Immutep Limited, a clinical-stage biotechnology company specialising in LAG-3 immunotherapies for cancer and autoimmune diseases, has received regulatory authorisation for the commercial manufacturing of Eftilagimod Alpha (efti) at a scale of 2,000 litres for clinical trial use. 

Eftilagimod Alpha is Immutep’s proprietary soluble LAG-3 protein and MHC Class II agonist designed to stimulate both innate and adaptive immunity for cancer treatment.

This authorisation covers multiple European countries, including Germany, Belgium, Denmark, and the United Kingdom, Immutep revealed in a press release.  

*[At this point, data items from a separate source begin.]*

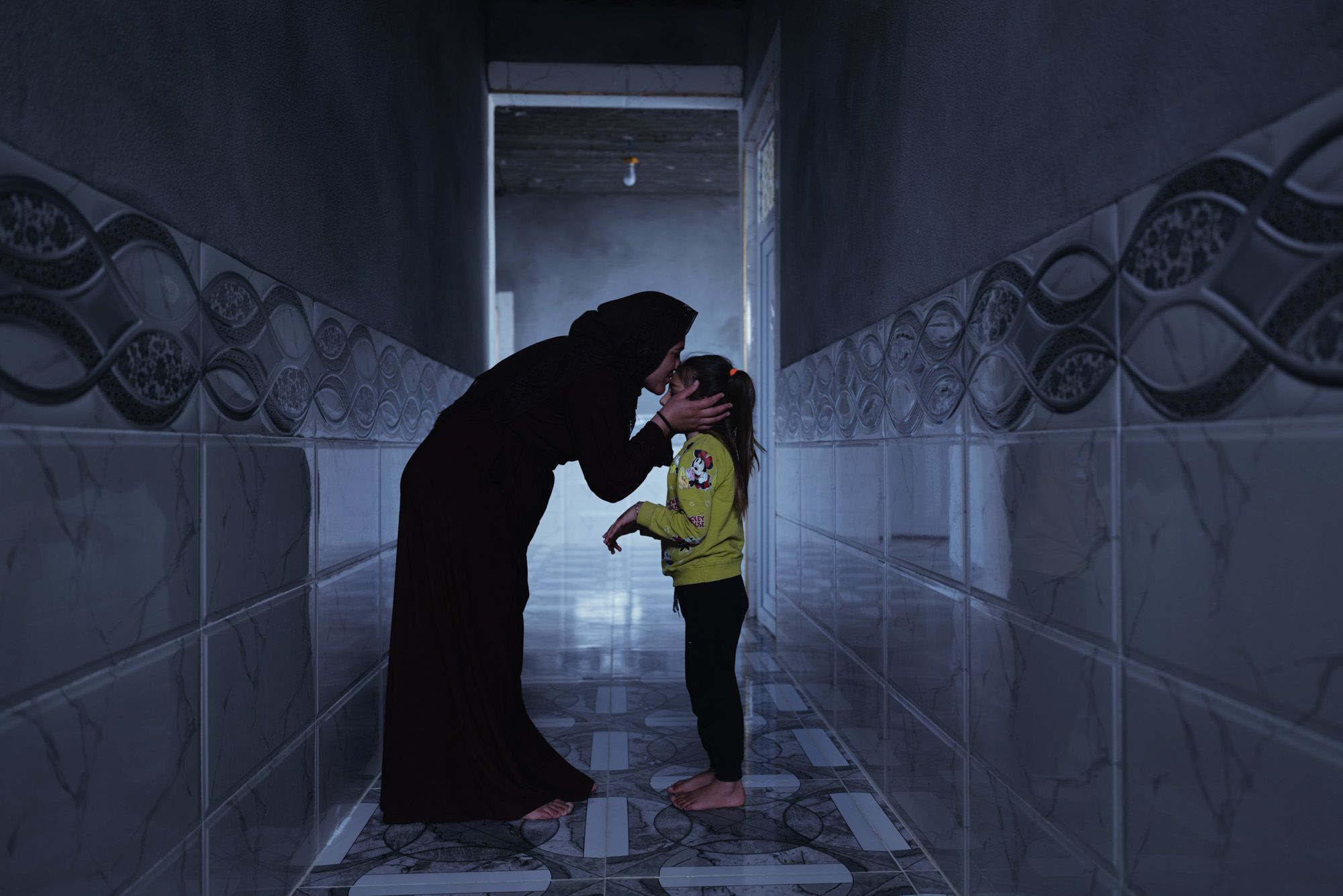 “I asked if we could explore her home further, and the corridor, with its newly polished reflective floors, eventually became the setting for our photographs. Initially, I captured a portrait of Athaab, but then her daughter ran into the frame. Here, she is being kissed and then gently told to get out of the photo. I loved the corridor; it felt like a tunnel, a stepping stone into an unknowable future, and the blue hues felt contemplative.”
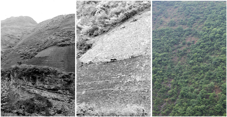 拼版照片:左图为30多年前位于赤水河流域的七星关区田坎乡陡坡开荒原貌(翻拍照片);中图为陡坡开荒原貌放大图(翻拍照片);右图为经过退耕治理后的七星关区田坎乡陡坡开荒地生态得以恢复(2013年4月25日摄)。新华网发(聂宗荣 摄)
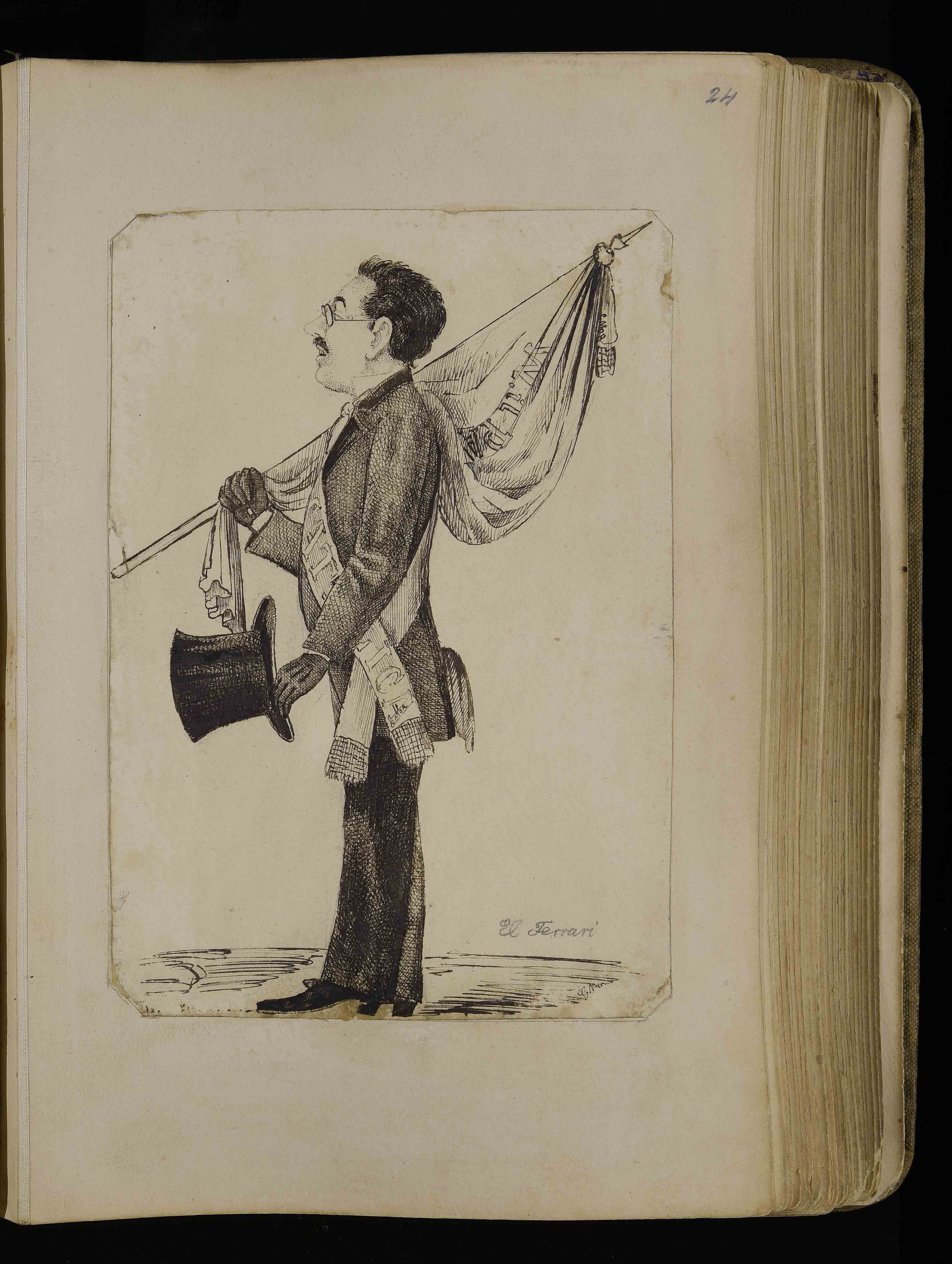 | Manoscritto cartaceo, 274x175 mm. In BCT1-3171, Albo di bozzetti caricature e disegni di vario genere di Giuseppe Mor, ca. 1885-1913, c. 24r |

Following the successful upscaling of efti’s manufacturing process to commercial scale at WuXi Biologics, the modifications related to the process were incorporated into a substantial amendment of the Investigational Medicinal Product Dossier (IMPD). 

This resulted in achieving overall comparability between the initial 2,000L scale and the previous 200L scale manufacturing process used in clinical stages. 

The ASX-listed company said it intends to incorporate efti produced through the 2,000L scale process in ongoing and upcoming clinical trials.

Marc Voigt, CEO of Immutep, expressed the importance of this milestone, stating, “With late-stage clinical development underway for our first-in-class soluble LAG-3 protein and MHC Class II agonist in non-small cell lung cancer, head and neck cancer, and metastatic breast cancer, commercial-scale manufacturing of efti for use in clinical trials is a significant achievement and brings us closer to realising efti’s potential to help cancer patients worldwide.”

Additionally, efti activates various immune cells and enhances the immune system’s ability to combat cancer. 

The product is currently being evaluated for the treatment of solid tumours, including non-small cell lung cancer (NSCLC), head and neck squamous cell carcinoma (HNSCC), and metastatic breast cancer. 

Its safety profile allows for potential combinations with other therapies, such as anti-PD-[L]1 immunotherapy and chemotherapy. 

Efti has also received Fast Track Designation from the US Food and Drug Administration (FDA) for certain indications.

Founded in 2001, Immutep is dedicated to advancing LAG-3 immunotherapy for cancer and autoimmune diseases and continues to develop a diverse portfolio of products focused on harnessing LAG-3’s unique immune response-modulating properties.